By analyzing existing cross correlation between Warner Music Group and Microsoft, you can compare the effects of market volatilities on Warner Music and Microsoft and check how they will diversify away market risk if combined in the same portfolio for a given time horizon. You can also utilize pair trading strategies of matching a long position in Warner Music with a short position of Microsoft. Check out your portfolio center. Please also check ongoing floating volatility patterns of Warner Music and Microsoft.

Diversification Opportunities for Warner Music and Microsoft

WarnerMicrosoftDiversified AwayWarnerMicrosoftDiversified Away100%
-0.39
  Correlation Coefficient

Very good diversification

The 3 months correlation between Warner and Microsoft is -0.39. Overlapping area represents the amount of risk that can be diversified away by holding Warner Music Group and Microsoft in the same portfolio, assuming nothing else is changed. The correlation between historical prices or returns on Microsoft and Warner Music is a relative statistical measure of the degree to which these equity instruments tend to move together. The correlation coefficient measures the extent to which returns on Warner Music Group are associated (or correlated) with Microsoft. Values of the correlation coefficient range from -1 to +1, where. The correlation of zero (0) is possible when the price movement of Microsoft has no effect on the direction of Warner Music i.e., Warner Music and Microsoft go up and down completely randomly.

Pair Corralation between Warner Music and Microsoft

Assuming the 90 days trading horizon Warner Music is expected to generate 1.44 times less return on investment than Microsoft. In addition to that, Warner Music is 1.36 times more volatile than Microsoft. It trades about 0.04 of its total potential returns per unit of risk. Microsoft is currently generating about 0.07 per unit of volatility. If you would invest  5,898  in Microsoft on December 10, 2024 and sell it today you would earn a total of  3,532  from holding Microsoft or generate 59.88% return on investment over 90 days.
Time Period3 Months [change]
DirectionMoves Against 
StrengthInsignificant
Accuracy92.86%
ValuesDaily Returns

Warner Music Group  vs.  Microsoft

 Performance 
JavaScript chart by amCharts 3.21.15Dec2025Feb -505101520
JavaScript chart by amCharts 3.21.15W1MG34 MSFT34
       Timeline  
Warner Music Group 

Risk-Adjusted Performance

Weak

 
Weak
 
Strong
Compared to the overall equity markets, risk-adjusted returns on investments in Warner Music Group are ranked lower than 1 (%) of all global equities and portfolios over the last 90 days. Despite somewhat strong primary indicators, Warner Music is not utilizing all of its potentials. The current stock price disturbance, may contribute to short-term losses for the investors.
JavaScript chart by amCharts 3.21.15JanFebMarFebMar444546474849505152
Microsoft 

Risk-Adjusted Performance

Very Weak

 
Weak
 
Strong
Over the last 90 days Microsoft has generated negative risk-adjusted returns adding no value to investors with long positions.
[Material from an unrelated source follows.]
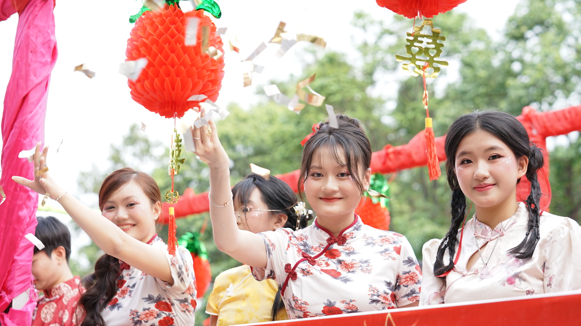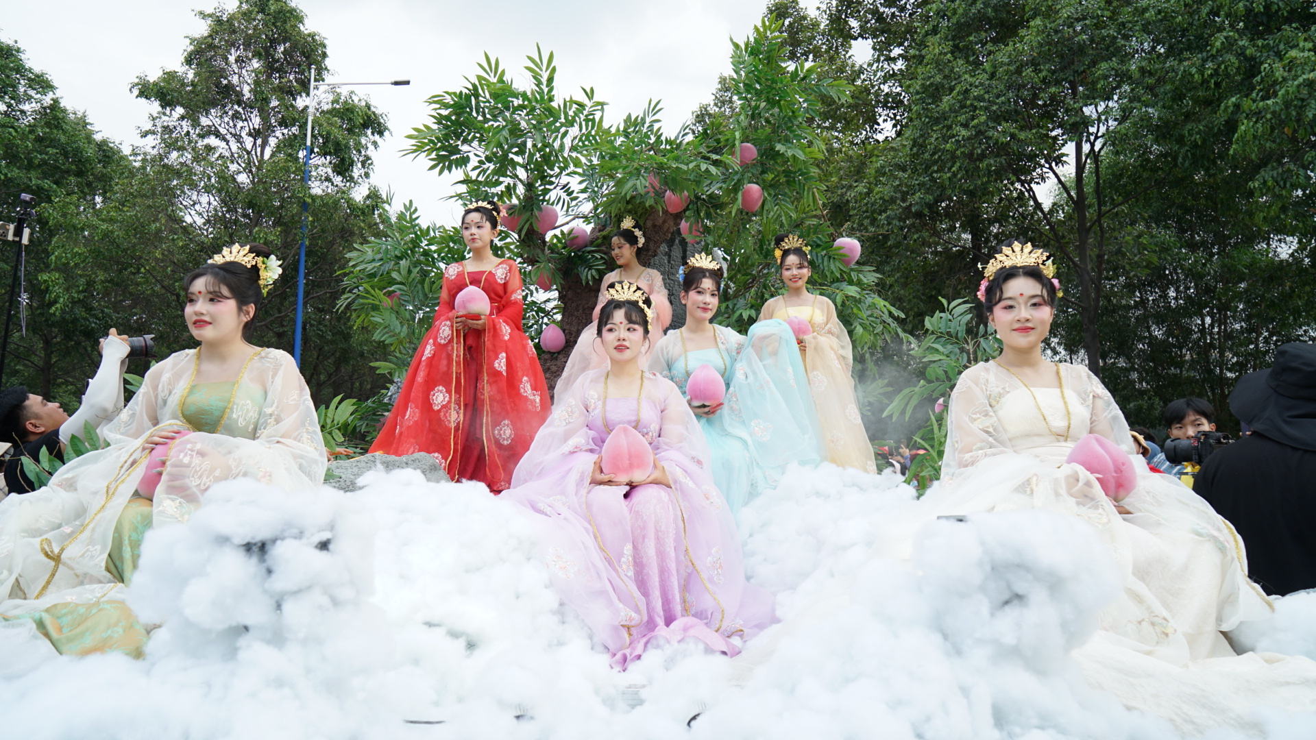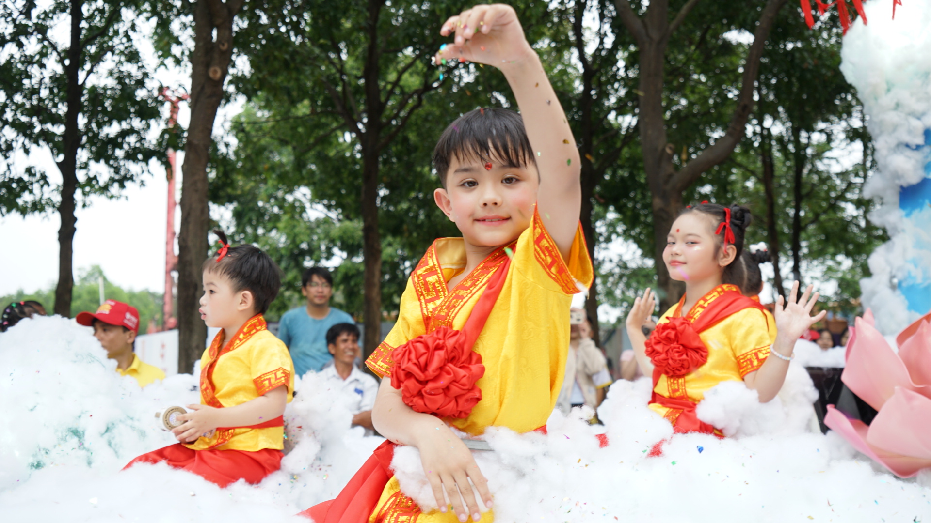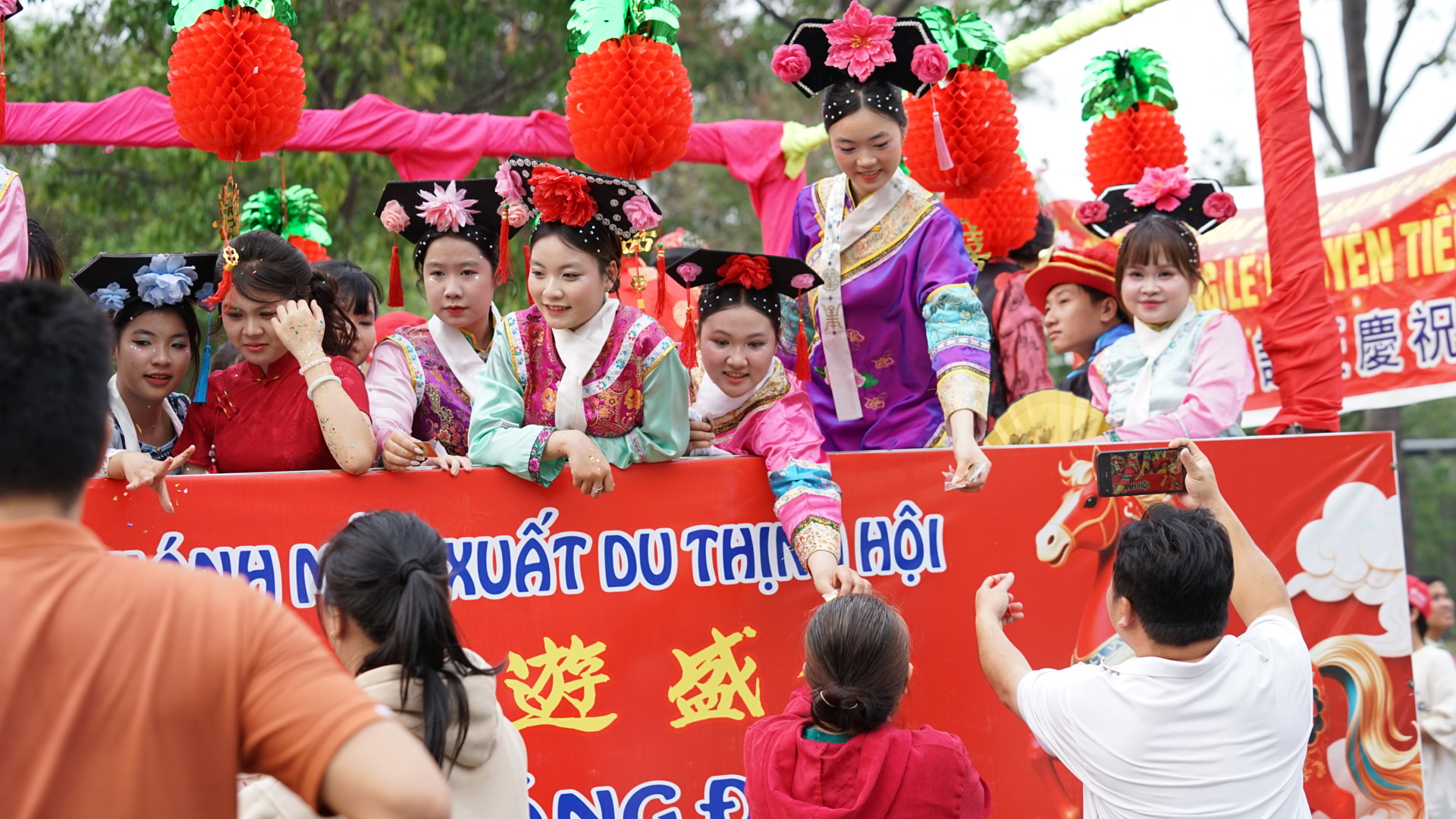 Các diễn viên hóa trang thành tiên đồng, tiên nữ phát lộc may mắn cho người tham dự

Despite uncertain performance in the last few months, the Stock's technical and fundamental indicators remain somewhat strong which may send shares a bit higher in April 2025. The current disturbance may also be a sign of long term up-swing for the company investors.
JavaScript chart by amCharts 3.21.15JanFebMarFebMar95100105110115

Warner Music and Microsoft Volatility Contrast

   Predicted Return Density   
JavaScript chart by amCharts 3.21.15-5.75-4.3-2.86-1.42-0.0241.42.884.355.837.3 0.050.100.15
JavaScript chart by amCharts 3.21.15W1MG34 MSFT34
       Returns  

Pair Trading with Warner Music and Microsoft

The main advantage of trading using opposite Warner Music and Microsoft positions is that it hedges away some unsystematic risk. Because of two separate transactions, even if Warner Music position performs unexpectedly, Microsoft can make up some of the losses. Pair trading also minimizes risk from directional movements in the market. For example, if an entire industry or sector drops because of unexpected headlines, the short position in Microsoft will offset losses from the drop in Microsoft's long position.
The idea behind Warner Music Group and Microsoft pairs trading is to make the combined position market-neutral, meaning the overall market's direction will not affect its win or loss (or potential downside or upside). This can be achieved by designing a pairs trade with two highly correlated stocks or equities that operate in a similar space or sector, making it possible to obtain profits through simple and relatively low-risk investment.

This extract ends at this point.